The cluster config macro has had some problems, in that it can do one thing
(and one thing only), normally the name, numbered in the normal style.
So, in a fit of "let's make this better and trivially nestable", I cooked up a
new cluster macro. It's subtly different from the old one, but configs that
use the non-complicated version of the old one should work identically under
the new one.
(cluster (<fmt-string> <low> <high> &key c-fmt name counter)
<stanza to be repeated>)
:name <name> specifys a symbol to be replaced, instead of the default NAME
:c-fmt decides if a conversion from C-style format to lisp style format
should happen (still defaults to true, but by happy co-incidence, the
~-style lisp arguments are NOT mangled by the C-style conversion, strictly
speaking a bug, but maybe not worth fixing at the moment)
:counter is NEW, this specifies a counter to be sequentially set from low to
high in the expansion.
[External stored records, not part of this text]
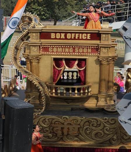 గణతంత్ర దినోత్సవ వేడుకల్లో భాగంగా సమాచార, ప్రసార మంత్రిత్వ శాఖ ఇవాళ కర్తవ్యపథ్లో ప్రదర్శించిన శకటం వివరాలు ఇలా ఉన్నాయి: "భారత్ గాథ: శృతి, కృతి, దృష్టి" పేరుతో రూపొందించిన శకటం, భారతదేశపు సుసంపన్న కథా వారసత్వాన్ని, ప్రాచీన మౌఖిక సంప్రదాయాల నుంచి నేటి ఆధునిక మీడియా, సినిమా వరకు సాగిన ప్రయాణాన్ని, దేశ సాంస్కృతిక వికాసాన్ని, కంటెంట్ క్రియేషన్ రంగంలో ప్రపంచ వేదికపై భారత్ శక్తిమంతమైన కేంద్రంగా ఎదిగిన తీరుని ఈ శకటం ప్రతిబింబించింది.
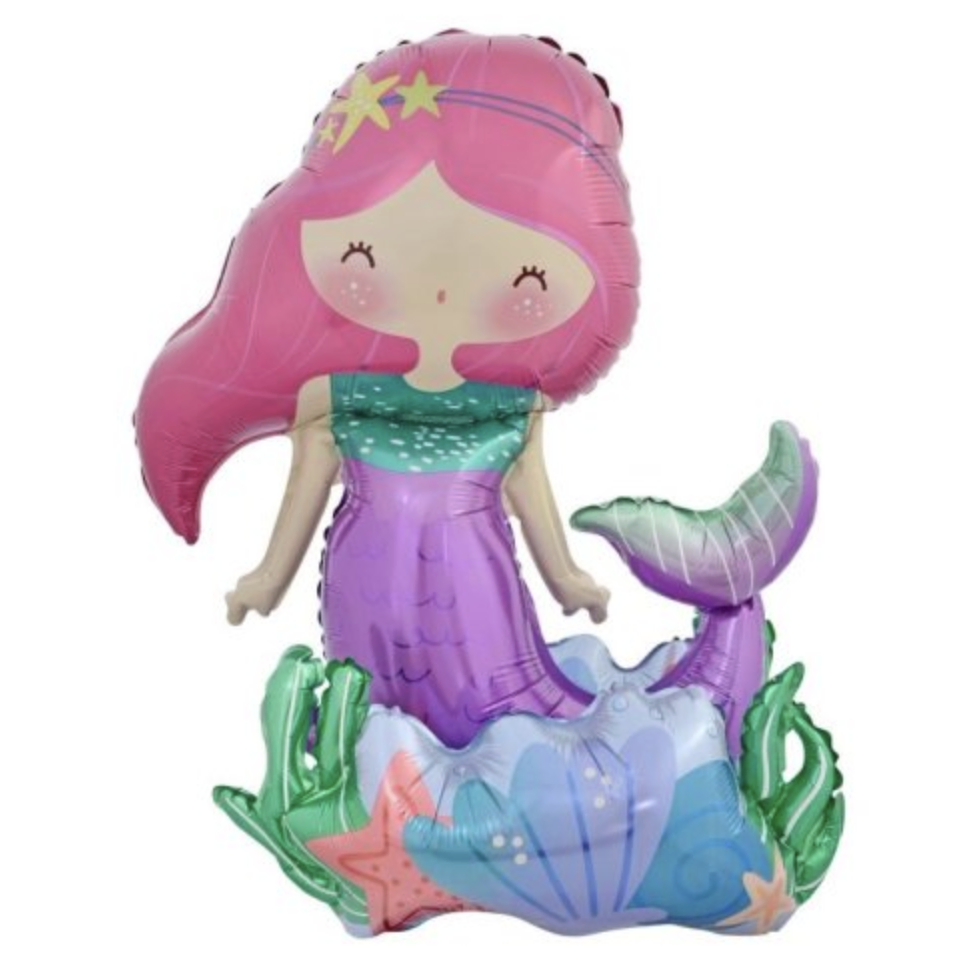 Make a splash with this charming foil mermaid — a sweet, pink‑haired sea sprite that brings instant colour and fun to any kids' party. This one size, air‑filled figure stands as a freestanding decorative prop for birthdays and under‑the‑sea themes. Light to move and simple to set up, it’s a great last‑minute décor boost for events in Perth or delivery to your venue.
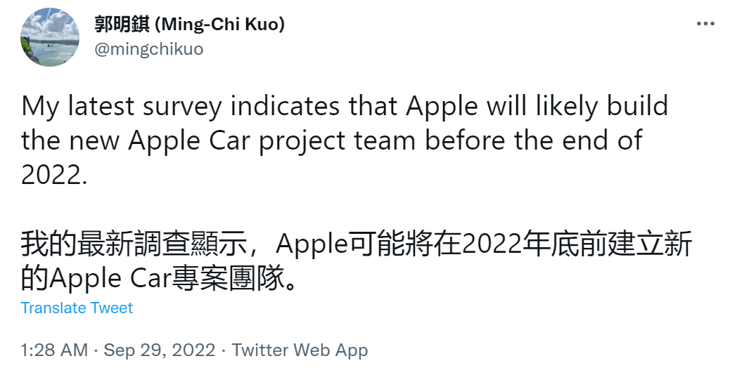 9月29日,著名苹果分析师郭明錤爆料称,据他最新的调查显示,苹果很可能在2022年底前建立新的苹果汽车项目团队。

This defaults to a gensym, so cannot be used without
specifying it.
(with-format ((sym1 fmt1 vars1... ) (sym2 fmt2 vars2 ...))
<config stanza>)
Like LET, only, eh, thing...
I also cooked up an example (in test-files/nested-cluster.cfg):
(cluster ("" 1 2 :counter a)
(cluster ("" 1 2 :counter b)
(with-format ((name "node~d-cpu~d" a b)
(ip-addr "172.23.~d.~d" a b))
(machine name linux-host
(user "testuser")
(ip ip-addr)))))
Somewhat annoyingly, when I test-ran this I noticed that our post-creation
clean-up for EQUIPMENT objects is a bit... aggressive. When created from a
config stanza, the ONLY thing specified is the name, all else is (eventually)
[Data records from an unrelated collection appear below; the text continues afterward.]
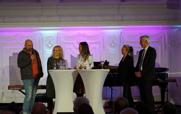 Podiumsgespräch mit Comedian Dominik Kuhn alias Dodokay, Jana Highholder, Moderatorin Stephanie Haiber, Dr. Aleksandra Sowa, Kryptologin und Leiterin des Horst-Görtz-Instituts für Sicherheit in der Informationstechnik sowie Landesbischof Professor Dr. Jochen Cornelius-Bundschuh (vlnr)
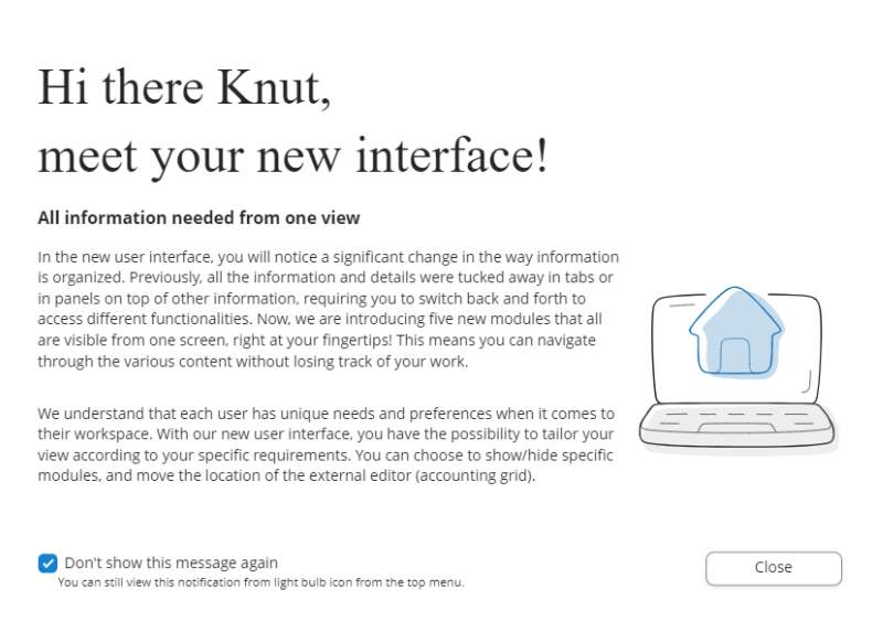 Det finns en ny ikon som visar att du snart eller har fått tillgång till nya gränssnittet. Här kan du läsa mer detaljer om nya funktionen och vi återkommer med mer detaljerad information.
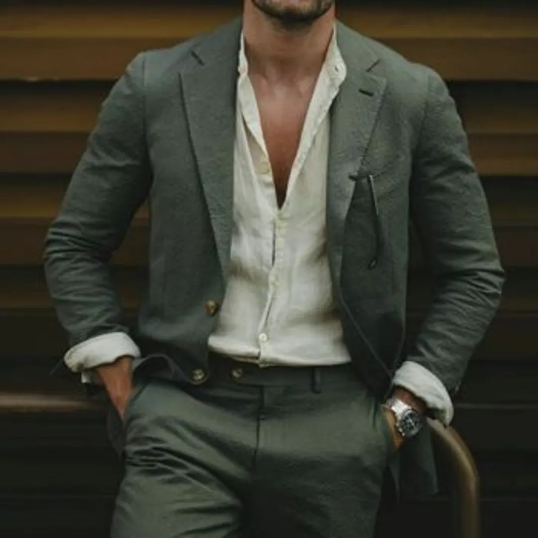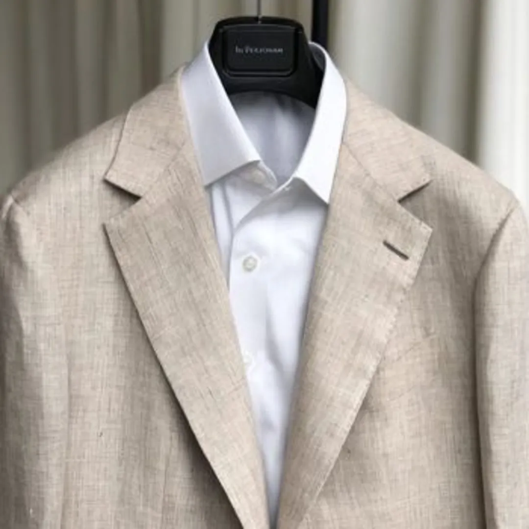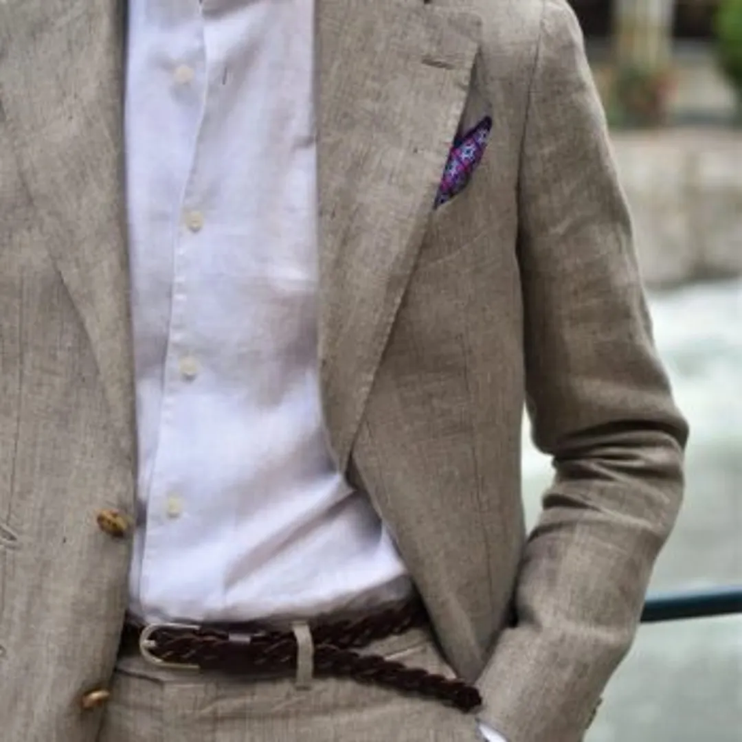 Хотя льняная ткань, более повседневная, чем другие ткани для костюмов, она все равно станет разумной заменой ваших шерстяных офисных костюмов, когда по дороге на работу из-за летнего зноя, станут проявляться пятна пота на вашей одежде.
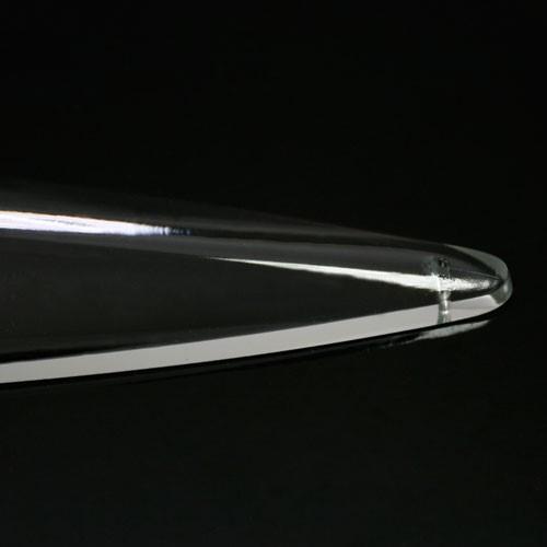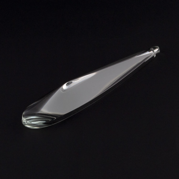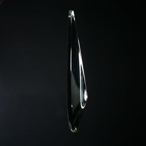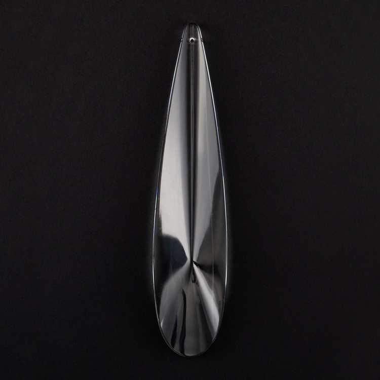 Pendaglio a mezza goccia (mezza in quanto il lato posteriore è piatto) in vetro cristallino cecoslovacco, molato a mano.
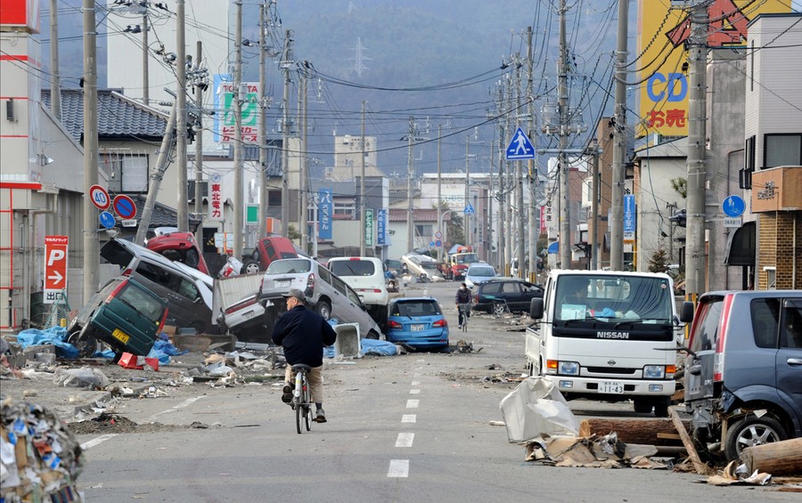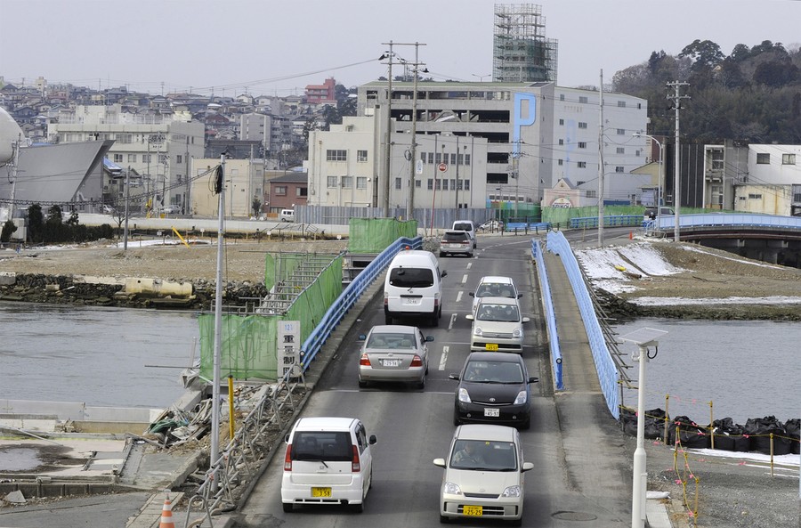 Read moreResidents cross a bridge covered with debris in a tsunami hit area of the city of Ishinomaki in Miyagi prefecture on March 15, 2011, the same area visible on January 13, 2012 (click to view). [click image to view transition - javascript required] #

done with (setf *config-object* 'slot-to-set <value>) or pushing things onto
the monitor list, as it were.
While the clean-up done in the initialize-after method is good, I am wondering
if it may be worth creating a new "post-config-cleanup" GF and move the relevant
clean-up bits to there, as I actually had to re-define the :after method t do
nothing to be able to run my tests (it's vastly easier to use example names to
see if things work or not, when one doesn't actually have a cluster at hand).